The hon. member also should know that in this case the litigation is not just about countervailing duties and alleged subsidies. There is also an issue of anti-dumping and going into a weak cycle in the lumber market. It is much easier to demonstrate or at least make a plausible case against dumping and we would be in a situation immediately. I can assure the member that the U.S. industry is ready as we speak to launch more cases, both anti-dumping, new injury cases and new countervailing duty cases because the very programs of assistance the hon. member refers to would certainly be countervailed and attacked. There is absolutely no doubt about that. We would not even be finished the old litigation, but would be faced with new litigation and new interim duties. Last time the interim duties started out at 27% and it took us five years to get them down to just over 10%.
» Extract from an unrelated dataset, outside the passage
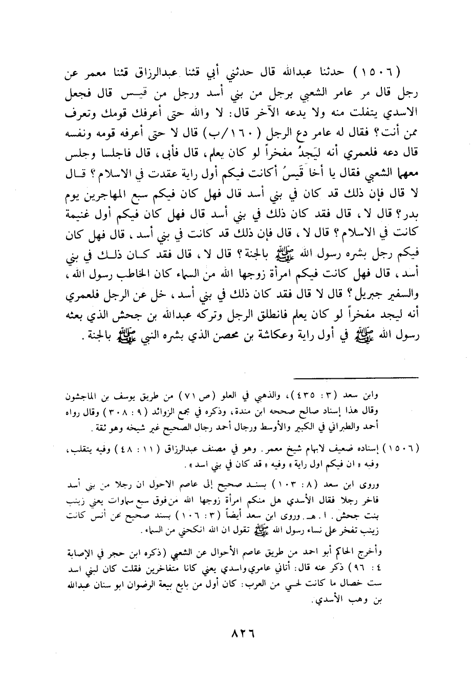 1506 - حَدَّثَنَا عَبْدُ اللَّهِ قَالَ: حَدَّثَنِي أَبِي، قثنا عَبْدُ الرَّزَّاقِ قثنا مَعْمَرٌ، عَنْ رَجُلٍ قَالَ: مَرَّ عَامِرٌ الشَّعْبِيُّ بِرَجُلٍ مِنْ بَنِي أَسَدٍ، وَرَجُلٍ مِنْ قَيْسٍ قَالَ: فَجَعَلَ الْأَسَدِيُّ يَتَفَلَّتُ مِنْهُ، وَلَا يَدَعُهُ الْآخَرُ قَالَ: لَا وَاللَّهِ حَتَّى أُعَرِّفَكَ قَوْمَكَ وَتَعْرِفُ مِمَّنْ أَنْتَ؟ فَقَالَ لَهُ عَامِرٌ: دَعِ الرَّجُلَ، قَالَ: لَا حَتَّى أَعْرِفَهُ قَوْمَهُ وَنَفْسَهُ قَالَ: دَعْهُ فَلَعَمْرِي إِنَّهُ لَيَجِدُ مَفْخَرًا لَوْ كَانَ يَعْلَمُ قَالَ: فَأَبَى قَالَ: فَاجْلِسَا وَجَلَسَ مَعَهُمَا الشَّعْبِيُّ فَقَالَ: يَا أَخَا قَيْسٍ «§أَكَانَتْ فِيكُمْ أَوَّلُ رَايَةٍ عُقِدَتْ فِي الْإِسْلَامِ؟» قَالَ: لَا، قَالَ: فَإِنَّ ذَلِكَ قَدْ كَانَ فِي بَنِي أَسَدٍ قَالَ: «فَهَلْ كَانَ فِيكُمْ سُبُعُ الْمُهَاجِرِينَ يَوْمَ بَدْرٍ؟» قَالَ: لَا، قَالَ: فَقَدْ كَانَ ذَلِكَ فِي بَنِي أَسَدٍ قَالَ: «فَهَلْ كَانَ فِيكُمْ أَوَّلُ غَنِيمَةٍ كَانَتْ فِي الْإِسْلَامِ؟» قَالَ: لَا، قَالَ: فَإِنَّ ذَلِكَ قَدْ كَانَتْ فِي بَنِي أَسَدٍ قَالَ: «فَهَلْ كَانَ فِيكُمْ رَجُلٌ بَشَّرَهُ رَسُولُ اللَّهِ صَلَّى اللهُ عَلَيْهِ وَسَلَّمَ بِالْجَنَّةِ؟» قَالَ: لَا، قَالَ: فَقَدْ كَانَ ذَلِكَ فِي بَنِي أَسَدٍ قَالَ: «فَهَلْ كَانَتْ فِيكُمُ امْرَأَةٌ زَوَّجَهَا اللَّهُ مِنَ السَّمَاءِ، كَانَ الْخَاطِبُ رَسُولُ اللَّهِ، وَالسَّفِيرُ جِبْرِيلُ؟» قَالَ: لَا، قَالَ: فَقَدْ كَانَ ذَلِكَ فِي بَنِي أَسَدٍ، خَلِّ عَنِ الرَّجُلِ، فَلَعَمْرِي أَنَّهُ لَيَجِدُ مَفْخَرًا لَوْ كَانَ يَعْلَمُ، فَانْطَلَقَ الرَّجُلُ وَتَرَكَهُ، «عَبْدُ اللَّهِ بْنُ جَحْشٍ الَّذِي بَعَثَهُ رَسُولُ اللَّهِ صَلَّى اللهُ عَلَيْهِ وَسَلَّمَ فِي أَوَّلِ رَايَةٍ، وَعُكَاشَةُ بْنُ مِحْصَنٍ الَّذِي بَشَرَهُ النَّبِيُّ صَلَّى اللهُ عَلَيْهِ وَسَلَّمَ بِالْجَنَّةِ» .

The idea that there are both a tax and a quota, there is a choice. Some regions can opt for a tax no greater than 5% and apply a quota. Some regions can opt, as would happen in British Columbia, for only a tax and no quota. Therefore, there is not both the tax and a quota unless a province were to opt for that option.

The hon. member is from B.C., and Premier Campbell of the government of British Columbia is in town. Has the hon. member talked to Premier Campbell and asked him if he felt bullied into this agreement, because Premier Campbell is supporting it, as is the industry in B.C.? The reason they are supporting it is because they put in place some new policy reforms, which this agreement protects. Those policy reforms would be attacked without the agreement.

The very tax that would be place in low markets will get capitalized, as the hon. member knows, in lower stumpage payments in a competitive bidding situation. The idea that it is a new tax is really not right. It is a displacement of stumpage by an export tax.

Softwood Lumber Products Export Charge Act, 2006 September 25th, 2006

Mr. Speaker, first, I do not accept the allegation or the premise that somehow this agreement is not a very good agreement. This is the best softwood lumber agreement that we have seen in Canada in the last three decades.

With respect to administrative charges by Export Development Canada, there are none.

Softwood Lumber Products Export Charge Act, 2006 September 25th, 2006

Mr. Speaker, the hon. member should know that the allegations of subsidies by Canadian provinces on the softwood lumber have been going on for decades. Those allegations of subsidies stem fundamentally from the fact that Canadian timber is largely harvested off Crown land. They continue to make allegations that the fact it is harvested off Crown land, that the revenues go to government, the government is somehow not taking the full market value of the timber.

Those debates go on and on. We continue to win them, but the dispute never ends and it never will. Under U.S. law, which is what these disputes are adjudicated on when we use a NAFTA framework, they can continue to make allegations, to bring more suits, whether it is an allegation of subsidy. Absolutely for sure, if there were not this agreement and the federal or provincial governments attempted to assist the softwood lumber industry in any way, there would be more countervailing duty cases brought.

A new part of this dispute is the dumping side, which has just come in. The hon. member ought to know that even in Canada, we bring dumping cases. All it requires is that it can be demonstrated there is a loss, that the companies are losing money on shipments into a market. Particularly in bad markets, those cases will be sustained and it will be very damaging for Canada.